The heat recovery process can also make 120°F hot water. The 19DV utilizes a two stage, back-to-back compressor with refrigerant lubricated ceramic bearings, so there’s no oil management system.

In addition, the 19DV uses the ultra-low GWP refrigerant 1233zd (E) — a refrigerant with a GWP of approximately 1 and an A-1 safety classification. The 19DV at the expo also includes a falling film evaporator, variable orifice and unit-mounted VFD, and was designed for variable- or constant-flow pumping schemes, in either series or parallel arrangements.

“In the past, you had to choose: Do I want a heat recovery chiller or a high efficiency cooling chiller? Now you can have both, all in one machine,” McDonough added.

Carrier’s Aero 39M air handler handles efficiency via R-13 insulation and a tight, minimal deflection casing to maintain a low leak rate. Built since 2001, it was one of the first products on the market with a foam-filled, rather than fiberglass-filled, panel.

“The unit has thermal break, so we have a panel on the inside, an extrusion here approximately 2 inches thick, and then the metal panel on the outside, so there’s no heat transfer from the inside of the unit to the outside,” said Tom Buswell, product manager, air handlers.

The units are 1 percent air leakage maximum, at ±8 inches. In terms of airflow, fresh air is on the bottom in this unit, and return/exhaust air is on the top: It goes through the air exchange wheel, the wheel rotates, and it transfers the energy to the outside air coming into the unit. The unit also has the option of dual direct-drive plenum fans.

“These … allow a contractor to cut their openings in the panel most anywhere they’d like to accommodate the ductwork that they need,” Buswell said. “And the plenum fan is also much quieter in operation than a housed fan.”

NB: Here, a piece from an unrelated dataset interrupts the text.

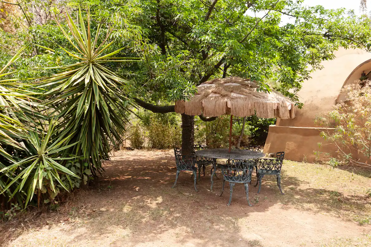 Jardín privado con asador y mesa exterior

New for Carrier, a QR code on the unit label can be scanned with a smartphone to show part numbers, product data, and an installation guide.

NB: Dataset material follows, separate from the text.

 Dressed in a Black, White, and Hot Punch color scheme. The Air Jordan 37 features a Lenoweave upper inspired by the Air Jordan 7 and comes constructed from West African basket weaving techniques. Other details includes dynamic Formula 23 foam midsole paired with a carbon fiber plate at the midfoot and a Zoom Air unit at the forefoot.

“There’s no more writing it down, getting to the parts store, and wondering, ‘Is that an O or is that a zero?’” Buswell said.

Carrier’s booth also included a section highlighting ductless and VRF products, which Nick Conklin, product strategy, ductless and VRF, referred to as one of the fastest growing technologies in the U.S. due to the high efficiency and the flexibility.

“And that’s really the beauty … to ramp down on energy efficiency,” he continued. “The product starts literally at zero and only ramps up to what you really need, instead of putting a 20-ton or a 50-ton or a 100-ton unit on full blast.”

The Infinity ductless system, at 42-SEER and 15-HSPF, comes with built-in occupancy sensing, relative humidity sensing, and built-in Wi-Fi — all ready to go straight out of the box.

“We’re pairing it with furnaces and air handlers, via a 24-V interface that allows the two to communicate and use a standard wall thermostat inside the home,” Conklin said. “The benefit to this packaging is, we’re maintaining the efficiency of the outdoor unit through the proprietary logic we’ve got built in, and we’re giving the indoor side — the furnaces and air handlers — multiple fan speeds to further improve efficiency and comfort.”

Carrier has taken Toshiba-Carrier VRF systems — both the three-pipe heat recovery and the two-pipe heat pump — and paired them with a rooftop fan coil.

“For applications requiring VRF technology, we took Carrier rooftop units, modified the 3-, 4- and 5-ton chassis, removed the compressor and that condenser fan, and turned it into a VRF fan coil,” said Conklin.

Multiple rooftop fan coils can be plugged into one outdoor VRF condensing unit.

It can also be paired with more traditional VRF-style fan coil units.

“The big benefit is, you can keep your piping outside the structure, use the existing rooftop curbs, and upgrade your building’s performance through the variable speed of the VRF systems,” he added.